THE 650,000-square-mi (1,600,000-square-km) Gobi is the largest desert in CHINA and MONGOLIA; both the Taklamakan Desert (in XINJIANG) and the Changtang Desert (in TIBET and Qinghai) are only half the size. Only the SAHARA is bigger than the Gobi among the world’s deserts. The Gobi separates the Republic of Mongolia from the province of Inner Mongolia in the People’s Republic of China (PRC). In Mongolia, the Gobi occupies all the southern districts (aimak) of the country: eastern Gobi, central Gobi, southern Gobi, Baian Khongor, and Gobi Altai. In China, the Gobi Desert extends from Manchuria to Gansu and Xinjiang.

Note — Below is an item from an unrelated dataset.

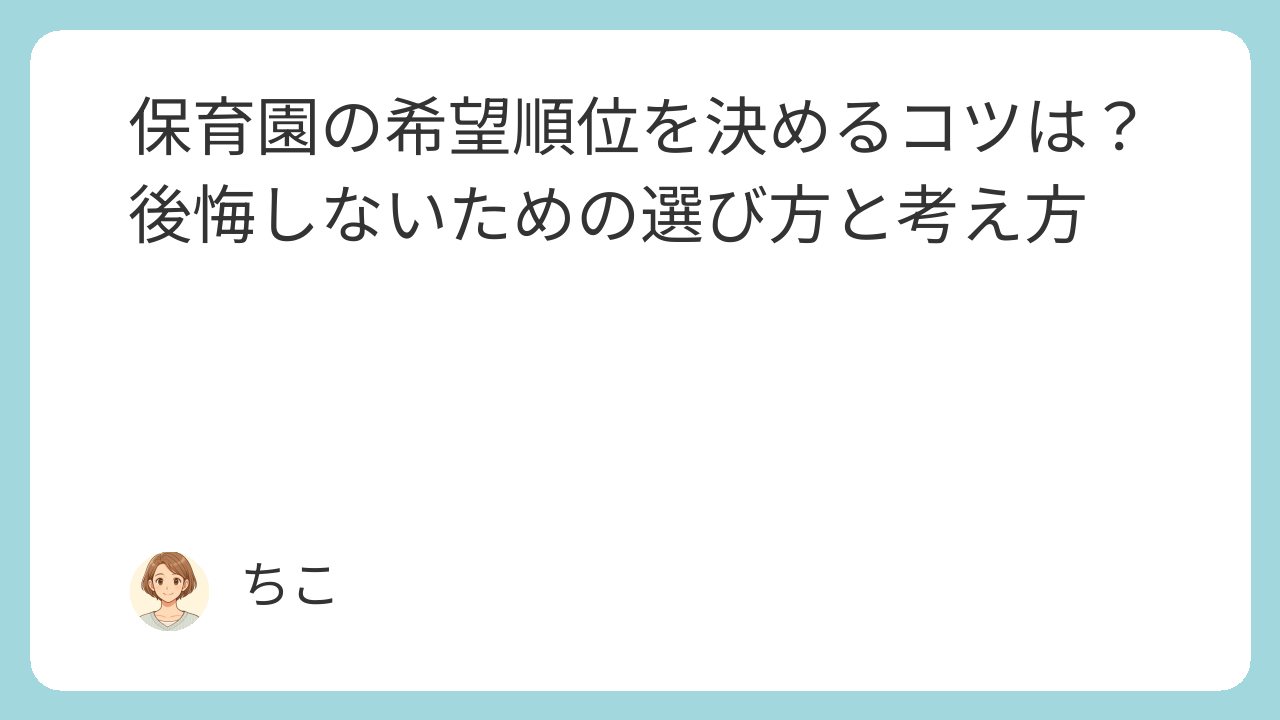 この記事では、保育園の希望順位を決めるときの考え方やコツをわかりやすく解説します。

It consists of several plateaus: Hulun Buir, Xilin Gol, and Ulanqab in the east and the Alashan plateau in the west of Inner Mongolia. The Yinshan Mountains and the Hexi corridor form the southern edge of the Gobi Desert.
Athough vast, the Gobi peneplain is neither the driest nor the warmest desert in western China. The Siberian high-pressure system keeps the Gobi dry and very cold in winter; in summer, the monsoon winds bring a few inches of precipitation to the region. The meager vegetation and the brief growing season account for the barren appearance of the Gobi. Topographical profiles of Inner Mongolia display a succession of denuded hills covered with gobi pebbles and basins covered with sandy gobi gravel. Gobi or govi usually means “desert” in Mongol, although an absolute desert would be called tjall or “waste.” Gobi designates also the winderoded small basins that are scattered in the desert. Chinese geographers establish a difference between sandy desert (shamo) and gravel desert (gobi). They call gobi the gray surface of hard pebbles that covers dilluvial plains. Sand dunes are indeed rare in the Gobi Desert.
The Gobi enjoyed a semitropical climate during the Cretaceous period (145 to 160 million years ago). The paleontologist Roy Chapman Andrews organized, in the 1920s, the Central Asiatic expeditions of the American Museum of Natural History. He discovered rich repositories of dinosaur fossils in what is now a forbidding desert, with badlands and salt flats. The two characters in Chinese to transcribe Gobi are ge, “halberd,” and bi, “wall.” Combined, they suggest that this type of desert constitutes either a dangerous obstacle or a formidable protection. No major road crosses the Gobi
Desert except for the imperial highway from Kalgan (Zhangjiakou) to Ulaanbator and the much more recent Transmongolian railway that links Beijing and Ulaanbator via Baotou. The Gobi plays today an unexpected role in space-based international communications as the launch site for Chinese Long March rockets; the Jiuquan launch site lies in the western Gobi Desert (Gansu province).